---------- Stored data
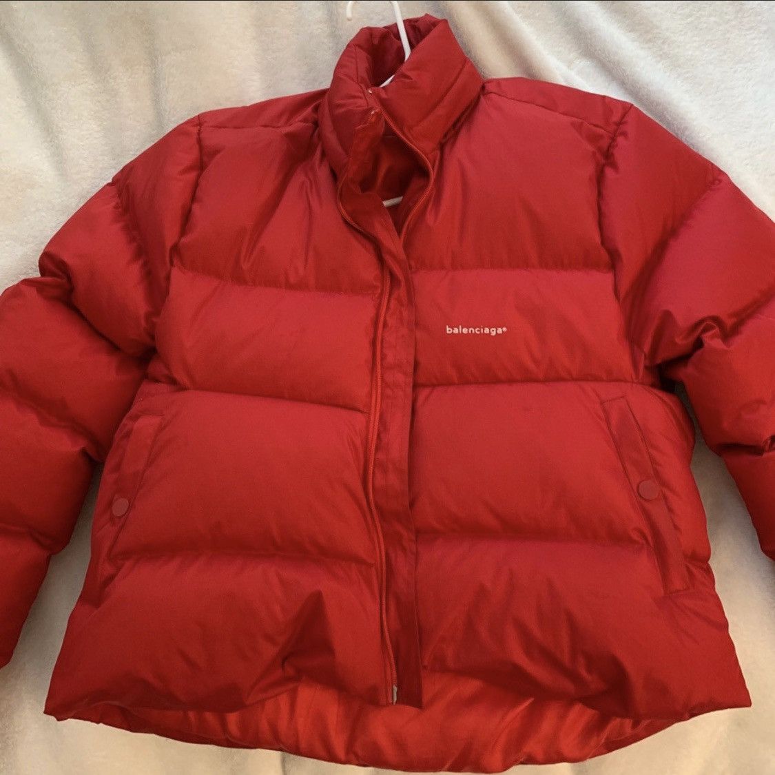 - Cheap Balenciaga oversized red puffer jacket
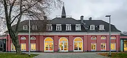 Die Nord- und die Südseite des Schlosshofs werden von zwei Flügelbauten begrenzt, die über eingeschossige, rundbogige Trakte mit dem Kleinen Schloss verbunden sind. Der gesamte Gebäudekomplex diente früher als Wirtschaftshof, der nördliche Flügelbau wurde als Pferdestall genutzt.[1] Im Südflügel des Schlosses befindet sich die Gedenkhalle, die 1962 als erste NS-Gedenkstätte in Westdeutschland gegründet wurde und sich seitdem in städtischer Trägerschaft befindet. Vor der Gedenkhalle befindet sich die ebenfalls 1962 eingeweihte Basaltstatue Die Trauernde des umstrittenen Bildhauers Willy Meller. Skulptur sowie Bildhauer werden schon seit Jahren kritisiert.[2]
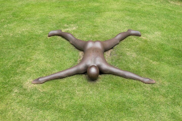 Antony Gormley first studied archeology and anthropology at Trinity College, Cambridge University, before he studied art. From 1981, Gormley began to produce sculpture using casts made from his own body. The figure in this work lying spread-eagled on the ground is a cast taken of Gormley himself. Usually Gormley makes a plaster cast and after reinforcing it with fiberglass, encloses the entire piece in thin sheets of lead. But this work is cast in iron. The figure is devoid of any facial features and individuality, becoming a universal character.
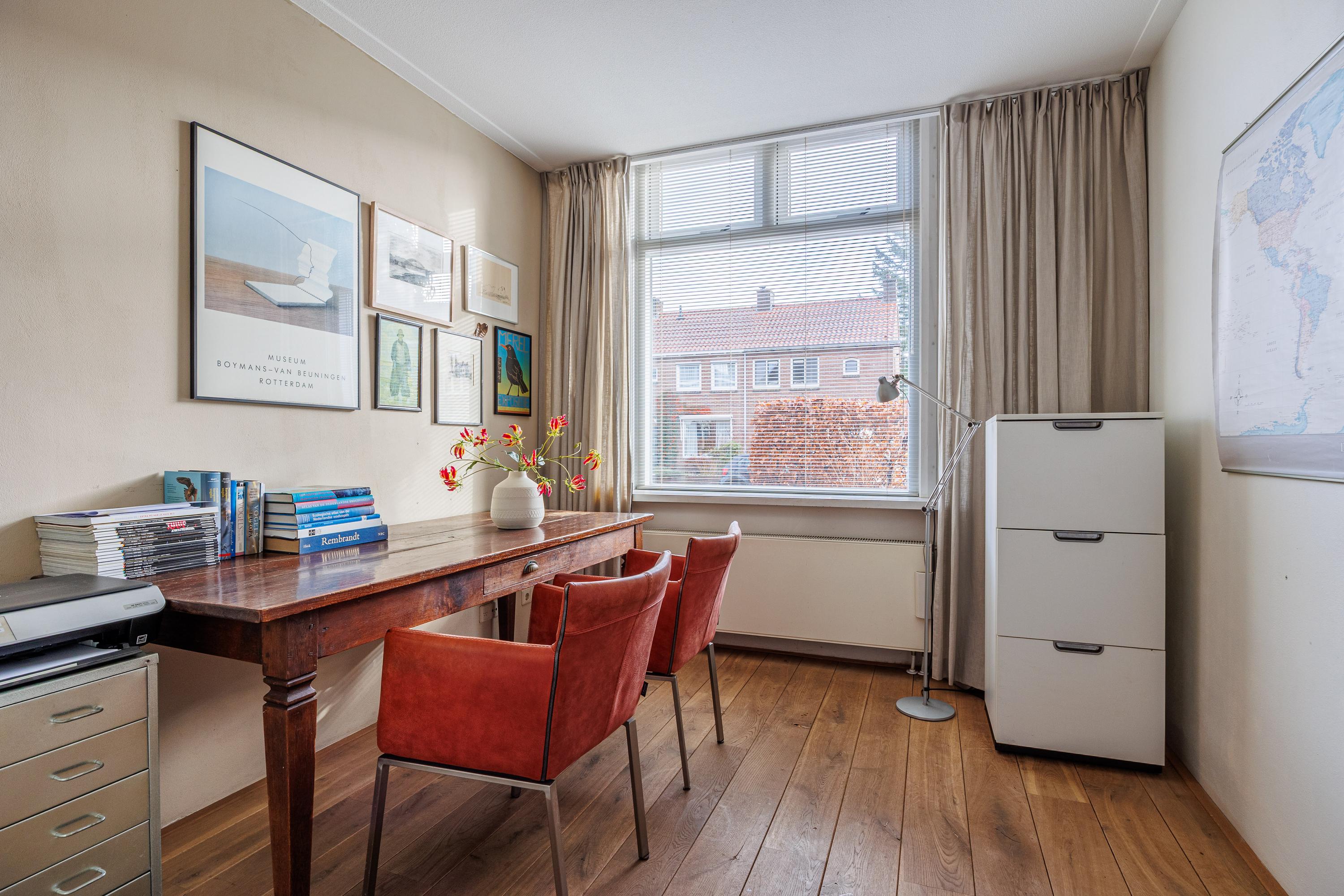 Dit gezellige eengezinswoning, gelegen aan een rustige weg in een woonwijk, is nu beschikbaar voor een vraagprijs van € 725.000,- kosten koper. De 2-onder-1-kapwoning uit 1924 heeft een woonoppervlakte van 120 m² en een perceeloppervlakte van 471 m², met 5 kamers, 3 slaapkamers en 1 badkamer uitgerust met een inloopdouche, wastafel en toilet. De woning heeft 3 woonlagen en een balkon, evenals een dakterras met glasvezel en zonnepanelen. De achtertuin, fraai ingericht, ligt op het westen en is de hoofdtuin; er zijn ook een voortuin en zijtuin. Voor voorzieningen zoals verwarming en warmwater zijn er een C.V.-ketel, houtkachel en elektrische boiler. Parkeren kan op eigen terrein of openbaar. De woning is goed onderhouden en beschikbaar in overleg.
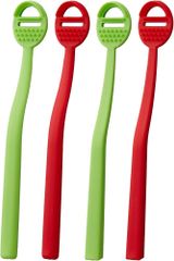 舌クリーナー4個パック – BPAフリー – 口腔衛生ケア – 口臭軽減 – マッサージヘッド付きダブルスクレーパー – レッド 2パック グリーン 2パック
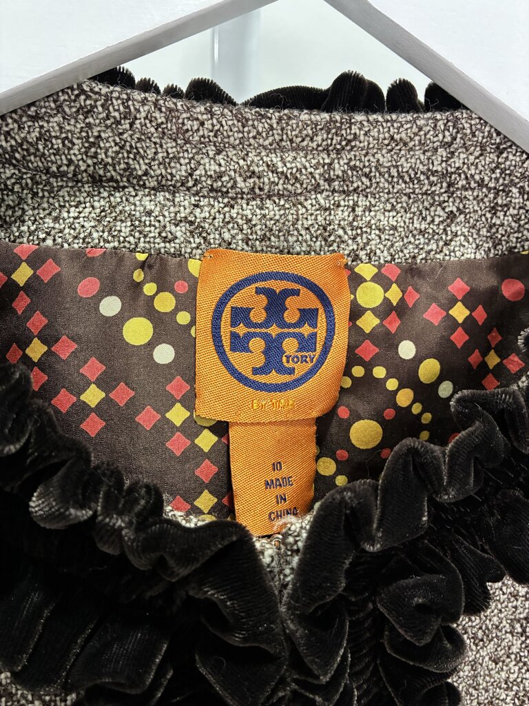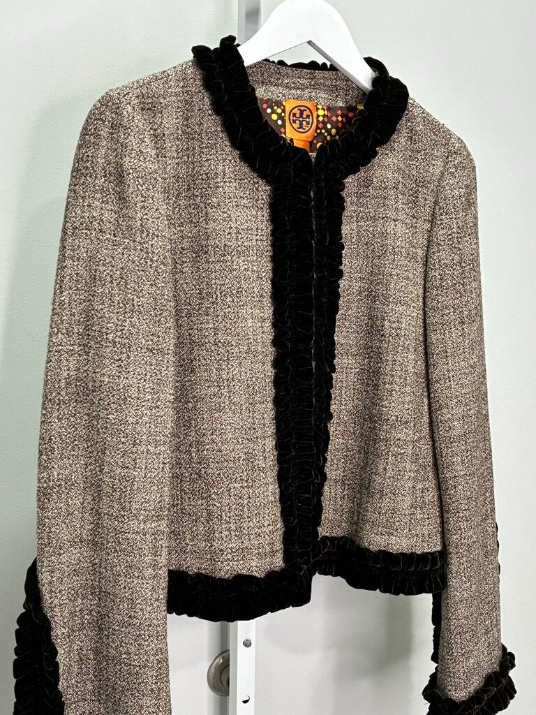 Tory Burch Tweed Velvet Trim Collarless Jacket
--------------------
> [Task directions]:
For the entries above, return an exact copy that omits the images.

> [Answer section]:
 - Cheap Balenciaga oversized red puffer jacket
 Die Nord- und die Südseite des Schlosshofs werden von zwei Flügelbauten begrenzt, die über eingeschossige, rundbogige Trakte mit dem Kleinen Schloss verbunden sind. Der gesamte Gebäudekomplex diente früher als Wirtschaftshof, der nördliche Flügelbau wurde als Pferdestall genutzt.[1] Im Südflügel des Schlosses befindet sich die Gedenkhalle, die 1962 als erste NS-Gedenkstätte in Westdeutschland gegründet wurde und sich seitdem in städtischer Trägerschaft befindet. Vor der Gedenkhalle befindet sich die ebenfalls 1962 eingeweihte Basaltstatue Die Trauernde des umstrittenen Bildhauers Willy Meller. Skulptur sowie Bildhauer werden schon seit Jahren kritisiert.[2]
 Antony Gormley first studied archeology and anthropology at Trinity College, Cambridge University, before he studied art. From 1981, Gormley began to produce sculpture using casts made from his own body. The figure in this work lying spread-eagled on the ground is a cast taken of Gormley himself. Usually Gormley makes a plaster cast and after reinforcing it with fiberglass, encloses the entire piece in thin sheets of lead. But this work is cast in iron. The figure is devoid of any facial features and individuality, becoming a universal character.
 Dit gezellige eengezinswoning, gelegen aan een rustige weg in een woonwijk, is nu beschikbaar voor een vraagprijs van € 725.000,- kosten koper. De 2-onder-1-kapwoning uit 1924 heeft een woonoppervlakte van 120 m² en een perceeloppervlakte van 471 m², met 5 kamers, 3 slaapkamers en 1 badkamer uitgerust met een inloopdouche, wastafel en toilet. De woning heeft 3 woonlagen en een balkon, evenals een dakterras met glasvezel en zonnepanelen. De achtertuin, fraai ingericht, ligt op het westen en is de hoofdtuin; er zijn ook een voortuin en zijtuin. Voor voorzieningen zoals verwarming en warmwater zijn er een C.V.-ketel, houtkachel en elektrische boiler. Parkeren kan op eigen terrein of openbaar. De woning is goed onderhouden en beschikbaar in overleg.
 舌クリーナー4個パック – BPAフリー – 口腔衛生ケア – 口臭軽減 – マッサージヘッド付きダブルスクレーパー – レッド 2パック グリーン 2パック
 Tory Burch Tweed Velvet Trim Collarless Jacket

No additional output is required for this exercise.